◆ Supplied data
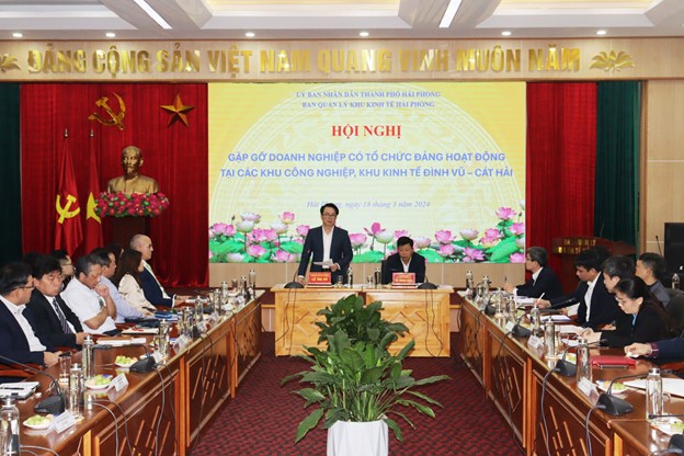 Phát biểu tại Hội nghị, đồng chí Lê Trí Vũ, Trưởng Ban Dân vận Thành ủy, Phó Trưởng Ban Thường trực Ban Chỉ đạo xây dựng giai cấp công nhân Hải Phòng ghi nhận các lãnh đạo các doanh nghiệp có tổ chức Đảng tại khu vực ngoài Nhà nước tại Khu kinh tế Đình Vũ – Cát Hải và các Khu công nghiệp trên địa bàn thành phố đã luôn quan tâm, tạo điều kiện cho các tổ chức Đảng hoạt động; đồng thời ghi nhận sự nỗ lực, cố gắng của các đồng chí Bí thư Chi bộ trong thực hiện các nhiệm vụ được giao.
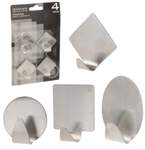 Een set van 4 zelfklevende ophanghaakjes. De ophanghaakjes zijn gemaakt van RVS. De haakjes zijn leverbaar in 4 verschillende uitvoeringen: Vierkant, Ruit, Cirkel en Ovaal. De ophanghaakjes worden geleverd per setje van 4 dezelfde haakjes.
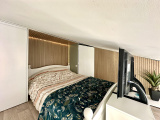 La mezzanine, aménagée en coin nuit, accueille un lit ainsi que de nombreux rangements, offrant une optimisation parfaite de l’espace.
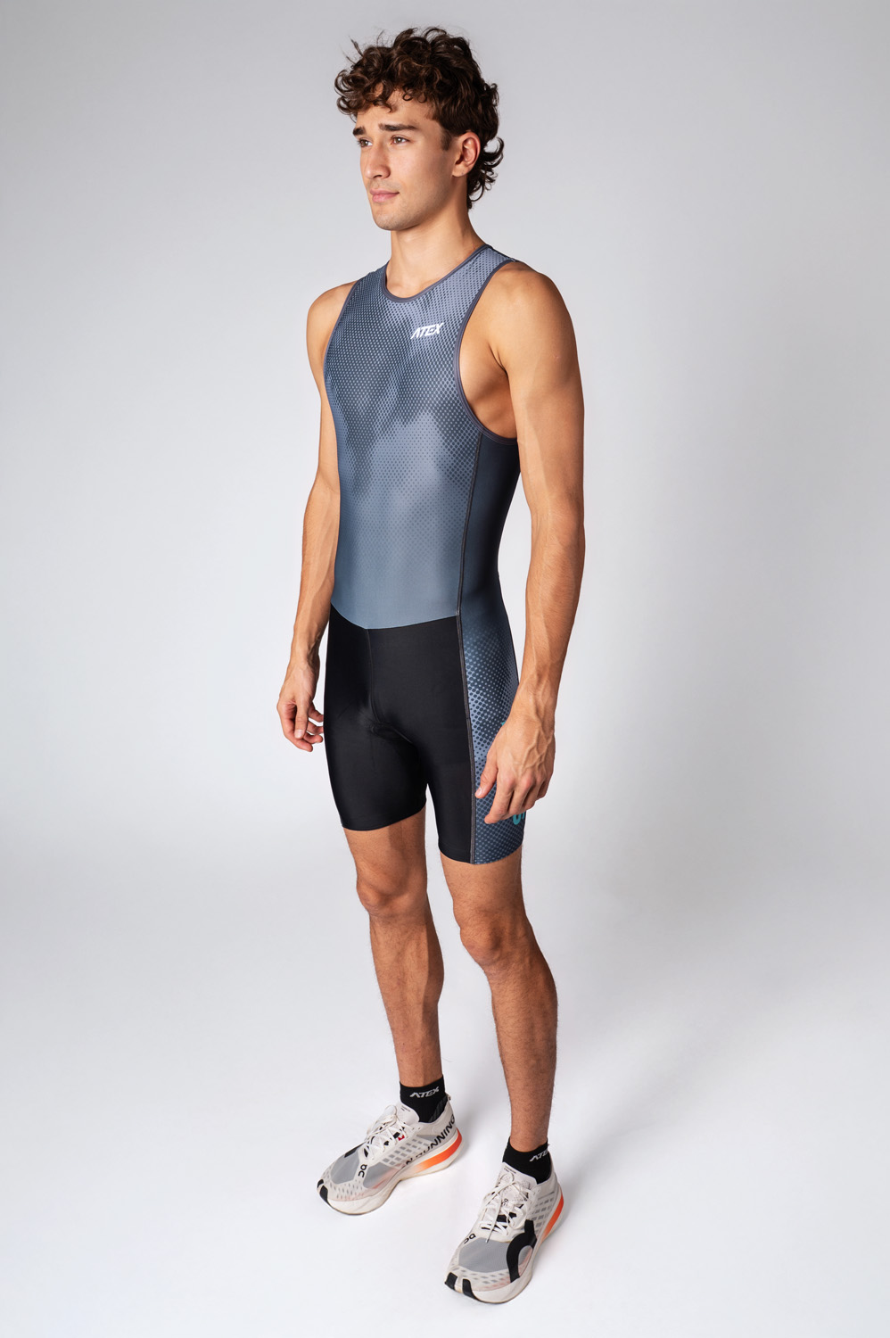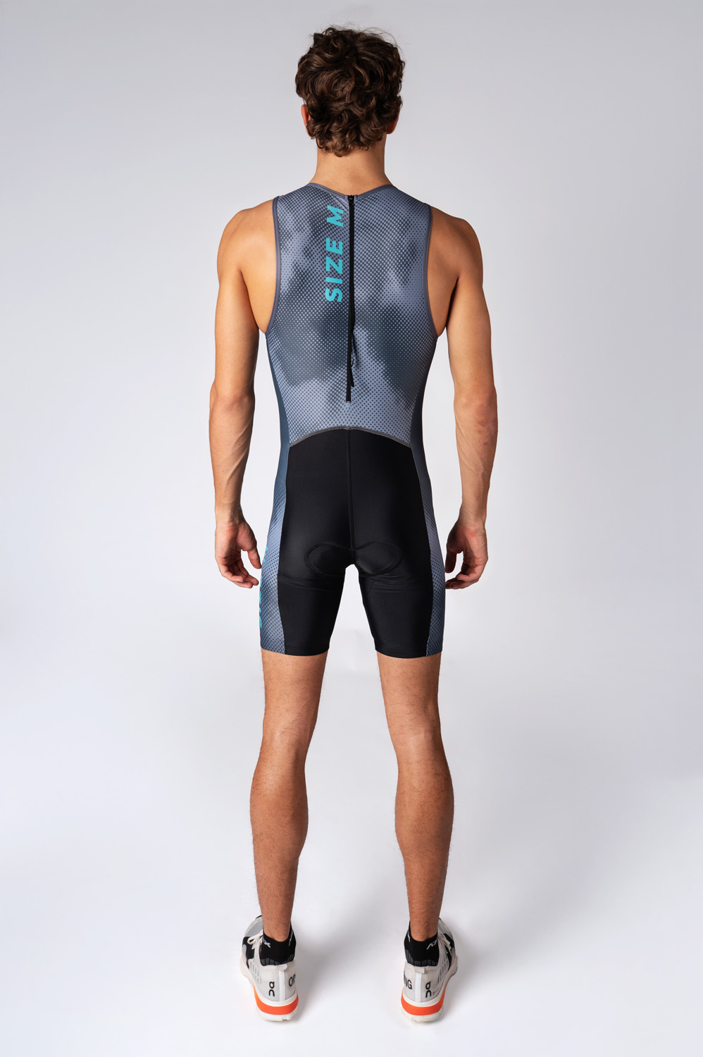 Triatlonová kombinéza bez rukávů má krátké nohavice zakončené protiskluzovou gumou, která pomáhá udržet oděv stabilně na místě při pohybu. Na předním díle je podložený zip s překrytem, který chrání před nepříjemným kontaktem se zipem při delším nošení. Kombinéza je vybavena vystýlkou TRIATLON od renomované italské značky Elastic Interface, která je přizpůsobena specifickým potřebám vícedisciplinových závodů.
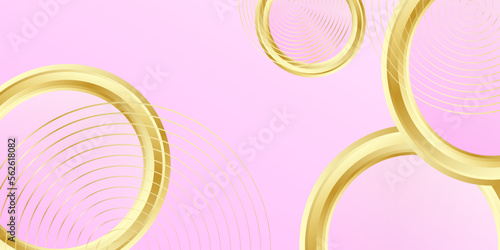 Circle golden thread on soft pink background. Modern cover design with gold round ring (golden circle pattern). Luxury creative premium backdrop.
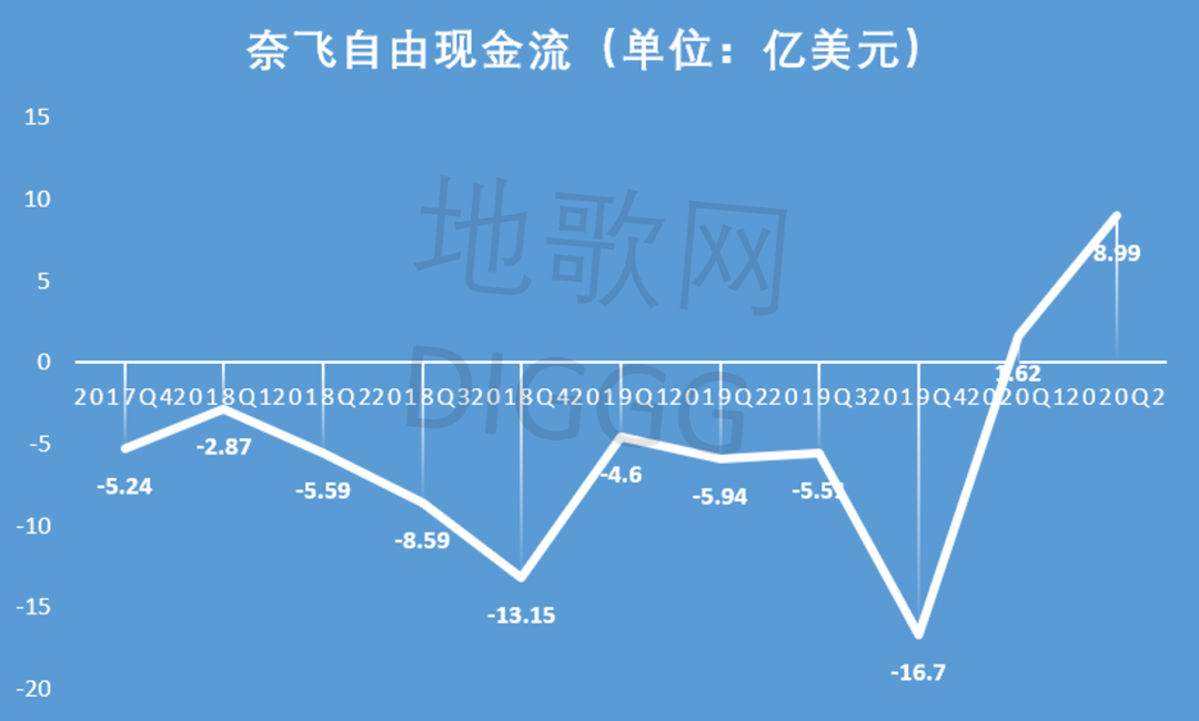 同時,自今年一季度開始,奈飛現金流“轉正”。本季度,奈飛自由現金流達8.99億元,不僅由負轉正,且同比大增251%,創下上市以來新高。

◆ How to complete this task
Copy verbatim the span that begins at the line containing "Triatlonová kombinéza bez" and ends at the last line of the material, inclusive of both; exclude pictures.

◆ Result of the task
 Triatlonová kombinéza bez rukávů má krátké nohavice zakončené protiskluzovou gumou, která pomáhá udržet oděv stabilně na místě při pohybu. Na předním díle je podložený zip s překrytem, který chrání před nepříjemným kontaktem se zipem při delším nošení. Kombinéza je vybavena vystýlkou TRIATLON od renomované italské značky Elastic Interface, která je přizpůsobena specifickým potřebám vícedisciplinových závodů.
 Circle golden thread on soft pink background. Modern cover design with gold round ring (golden circle pattern). Luxury creative premium backdrop.
 同時,自今年一季度開始,奈飛現金流“轉正”。本季度,奈飛自由現金流達8.99億元,不僅由負轉正,且同比大增251%,創下上市以來新高。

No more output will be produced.